Смеялся и приговаривал:
– Как на собаке! Ха-ха-ха! Как на собаке! Или как на волке! А-ха-ха-ха-ха!
А мне – честно! – мне было не до смеха… Ужасно захотелось крикнуть, чтобы он заткнулся, но я, конечно, промолчал.
Промолчал – и пошел в эту его поликлинику, держа руку по-прежнему за спиной.
Глядеть на собственную верхнюю конечность мне было ужасно неохота.
Тошно мне было на нее глядеть!
А кому было бы не тошно на моем месте?!
Ярро, сын Герро и Барры, лежал на снегу и смотрел, как солнце катится за синие холмы на противоположном берегу реки. При этом белые пушистые облака заливались красным светом. Ярро вспомнил теплую кровь, пятнающую мягкое, трепещущее тело зайца, но не двинулся с места.
Ему был нужен не какой-то там жалкий заяц…

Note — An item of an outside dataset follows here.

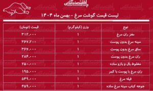 همچنین، «ران مرغ با پوست با کمر» به ازای هر کیلوگرم با قیمت ۱۹۵ هزار تومان عرضه میشود. «سینه مرغ بدون پوست» نیز برای هر کیلوگرم با قیمت ۳۶۷ هزار تومان به فروش میرسد.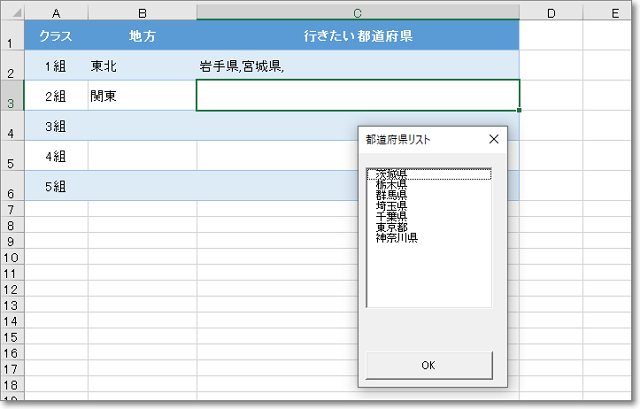 たとえば、B列で「関東」を選ぶと、C列では関東地方の都道府県のみ表示される形です。

Имя «Ярро» по-волчьи значит «чужой». Почему именно ему дали это имя, было непонятно: ведь он родился в стае, в лесу! Это его мать была чужая: она когда-то пришла в лес из жилища человека, ее, собаку, приняли к себе волки, а молодой Герро – теперь он вожак стаи – сделал ее своей подругой. Но матери дали имя Барра – Красотка, – и она принесла своему спутнику и стае пятерых… волчат? щенят? – словом, пятерых детенышей.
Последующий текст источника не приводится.